The Syrian civil war has brought new aspects to the armed and political struggle between state and non-state actors engaged in geopolitical competition in the Middle East. While the war was being fought on an operational and tactical level, the Russian military presence and Iran’s direct military involvement escalated the tension and elevated the war to a strategic level, evolving almost into a state-level war. In addition, stable neighboring countries, including Turkey, are becoming more vulnerable to the Syrian civil war, which brings growing security and socio-political concerns and, more importantly, has resulted in new geopolitical costs not only for Turkey’s regional strategies, but also its politics of alliance in which the U.S. has traditionally has been at the center. Therefore, as the main driving force behind the new Middle Eastern geopolitical melee, the Syrian civil war is now becoming another façade in which the U.S. and Turkey have different framing and political strategies concerning the political and military ambitions of the PKK.

 YANKEES DROP THE BALL

The U.S.’s political strategy in defining and supporting the Syrian Kurdish Democratic Union Party (PYD) and its military aid to its armed People’s Protection Units (YPG) is a potential political crisis between Turkey and the U.S. The U.S. officially has a clear-cut strategy regarding the YPG as is seen from a recent U.S. Department of State briefing: “We don’t consider the YPG a terrorist organization, and they have proven successful against ISIS [DAESH] inside Syria.” However, from the perspective of potential geopolitical consequences, U.S. military and political strategy are not only ineffective considering the U.S.’s over-reliance on YPG forces as the primary ground force in the fight against DAESH, they are also dangerous in terms of undermining Turkey’s homeland security, territorial integrity and, even worse, jeopardizing the U.S. and Turkey’s longstanding strategic cooperation on many crucial issues concerning geopolitical upheaval in the Middle East. More importantly, due to the U.S. President Barack Obama administration’s position on the YPG, which is an integral part of the PKK, officially recognized as a foreign terrorist organization by the U.S., the U.S. is also losing its moral compass to find the true stance in fighting global terrorism. There are many pitfalls that undermine the U.S.’s overall strategy both in the fight against DAESH and for the future of the U.S.-Turkish partnership.

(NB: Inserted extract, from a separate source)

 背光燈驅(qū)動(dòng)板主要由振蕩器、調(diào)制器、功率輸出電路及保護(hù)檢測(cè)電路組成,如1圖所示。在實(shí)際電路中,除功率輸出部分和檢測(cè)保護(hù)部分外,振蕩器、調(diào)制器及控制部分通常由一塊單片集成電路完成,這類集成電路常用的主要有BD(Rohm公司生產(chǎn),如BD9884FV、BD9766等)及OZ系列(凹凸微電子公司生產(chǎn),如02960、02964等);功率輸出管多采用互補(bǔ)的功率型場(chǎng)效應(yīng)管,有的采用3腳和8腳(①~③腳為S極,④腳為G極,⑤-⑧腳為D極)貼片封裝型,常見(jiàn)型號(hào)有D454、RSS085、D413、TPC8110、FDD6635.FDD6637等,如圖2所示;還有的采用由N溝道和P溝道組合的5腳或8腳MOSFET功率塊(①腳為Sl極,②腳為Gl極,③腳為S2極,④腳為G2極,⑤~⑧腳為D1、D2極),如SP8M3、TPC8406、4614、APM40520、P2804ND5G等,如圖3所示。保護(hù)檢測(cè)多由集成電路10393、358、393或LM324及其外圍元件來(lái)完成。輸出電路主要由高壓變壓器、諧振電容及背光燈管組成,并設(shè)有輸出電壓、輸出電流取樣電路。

Firstly, the YPG is playing a vital role for the PKK’s ongoing terror attacks against the Turkish state. It is well-known that the YPG is tactically used by the PKK as an integral part of its irregular warfare strategy both in terms of man power band military equipment in the fight against the Turkish Armed Forces in eastern Turkey. While pursuing its own homeland security and interests in overseas irregular warfare environments, the U.S. tries to diversify its allies and partners. The two important irregular warfare instruments that caused the U.S. to get involved in the Syrian civil war are supporting insurgency movements against Syrian President Bashar Assad’s regime and countering DAESH terrorism. In the U.S. concept of irregular warfare, counterterrorism operations are presumed to support a counterinsurgency – not an insurgency – as well as stability and other major operations, and this concept depends on coordination and collaboration with U.S. allies and partners in the theater of operation. Hence, this type of operation is not supposed to bolster a possible insurgency movement jeopardizing the homeland security of a traditional ally country. The U.S. flip-flop to position the PYD and YPG somewhere in the conceptual trickery drives many doubts about its exact stance on Turkish security. While fighting against DAESH in Syria, the U.S. seems to create an insurgency movement supporting the PKK through the YPG. More importantly, while shifting its policy priority from supporting insurgency to countering DAESH, the U.S. has created a space for undesired actors such as the PKK and Russia in Syria. PKK became more active in Syria and affiliated with the U.S.-backed YPG and the Syrian regime regained its strength due to Russian support.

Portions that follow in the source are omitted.